* **Information shown**

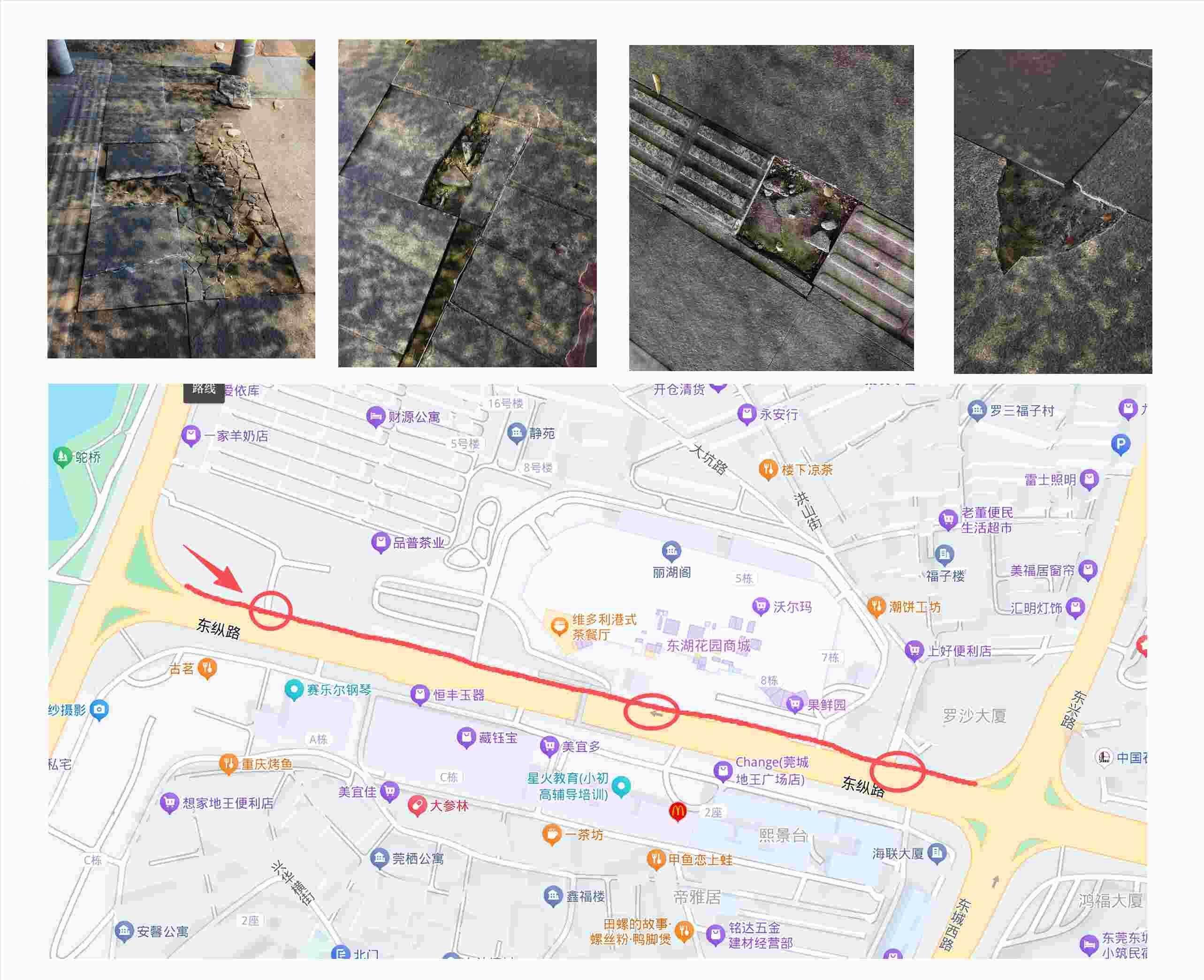 莞城人行道破破烂烂,百姓出行苦不堪言 1、东纵路3号罗沙市场停车场出口,人行道破烂不堪。 2、东纵路罗沙路口至东兴路口,特别是沃尔玛路段人行道已非常破烂。 东纵路居民较多,小孩上学老人逛公园十分不便,恳请城管人员为民办实事,感谢。
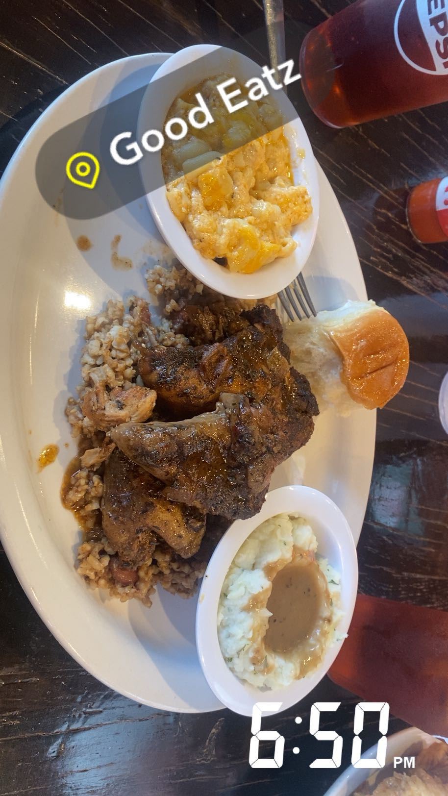 My only complaint is that the rice dressing for the jerk chicken (on my plate) was a little salty. Aside from that, we loved all the sides and the breading for the fried pork chops was unbelievably good. Great sweet tea as well. They are a little pricey, but worth every penny. All the staff was accommodating and checked on us, including who seemed to be the bartender.
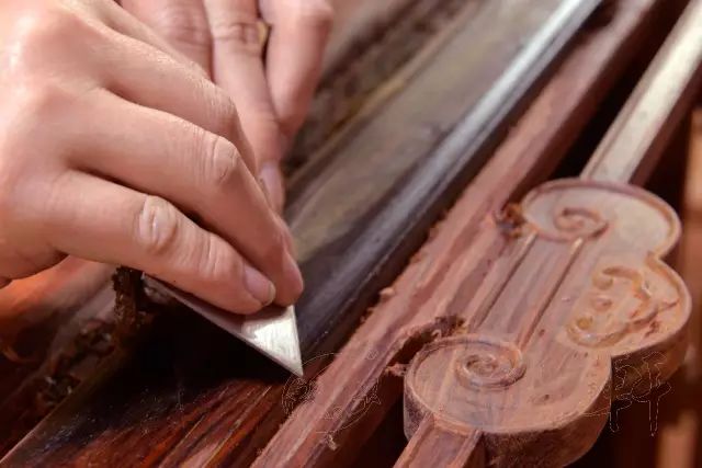 现在的加工很少纯手工制作,如果刮磨这道工序可以做到手工就已经很不错了。因为木雕关键的工序就是打磨。但因为现在的工具很先进,工匠通常使用机磨。传统的用刀刮磨工艺,很多人已经不懂了。
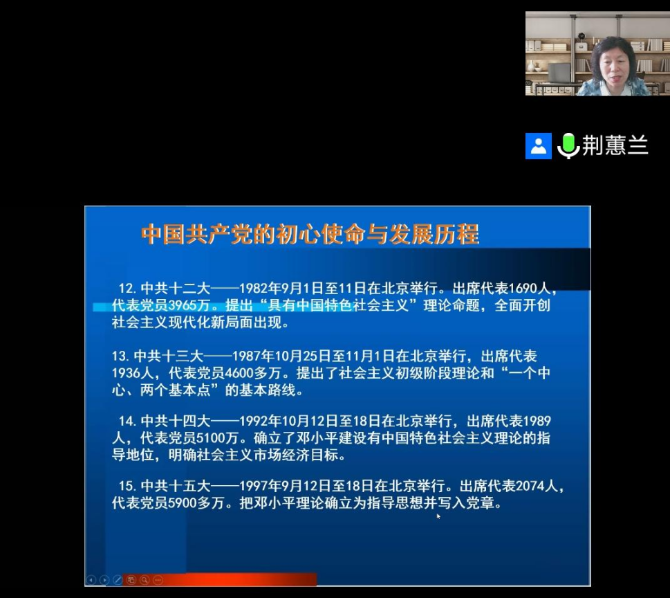 荆蕙兰教授从“中国共产党的初心和使命”“新时代中国共产党的建设面临的新形势新课题”“全面推进中国共产党的建设新的伟大工程”三方面入手,通过梳理重大事件、重要会议以及重要文件和人物,结合文字、图像、视频等方式,讲感受、话初心、谈使命,带领师生重温了中国共产党波澜壮阔的百年画卷,全面深入总结了中国共产党百年奋斗的光荣传统、宝贵经验和伟大成就,阐明了中国共产党顺应、把握、引领时代潮流的伟大发展历程,激励青年学子坚定理想信念、练就过硬本领,厚植爱国情怀、矢志艰苦奋斗,传承红色基因、担当复兴重任。

* **What to produce**
Write out the data above precisely. Pictures stay out.

* **Response below**
 莞城人行道破破烂烂,百姓出行苦不堪言 1、东纵路3号罗沙市场停车场出口,人行道破烂不堪。 2、东纵路罗沙路口至东兴路口,特别是沃尔玛路段人行道已非常破烂。 东纵路居民较多,小孩上学老人逛公园十分不便,恳请城管人员为民办实事,感谢。
 My only complaint is that the rice dressing for the jerk chicken (on my plate) was a little salty. Aside from that, we loved all the sides and the breading for the fried pork chops was unbelievably good. Great sweet tea as well. They are a little pricey, but worth every penny. All the staff was accommodating and checked on us, including who seemed to be the bartender.
 现在的加工很少纯手工制作,如果刮磨这道工序可以做到手工就已经很不错了。因为木雕关键的工序就是打磨。但因为现在的工具很先进,工匠通常使用机磨。传统的用刀刮磨工艺,很多人已经不懂了。
 荆蕙兰教授从“中国共产党的初心和使命”“新时代中国共产党的建设面临的新形势新课题”“全面推进中国共产党的建设新的伟大工程”三方面入手,通过梳理重大事件、重要会议以及重要文件和人物,结合文字、图像、视频等方式,讲感受、话初心、谈使命,带领师生重温了中国共产党波澜壮阔的百年画卷,全面深入总结了中国共产党百年奋斗的光荣传统、宝贵经验和伟大成就,阐明了中国共产党顺应、把握、引领时代潮流的伟大发展历程,激励青年学子坚定理想信念、练就过硬本领,厚植爱国情怀、矢志艰苦奋斗,传承红色基因、担当复兴重任。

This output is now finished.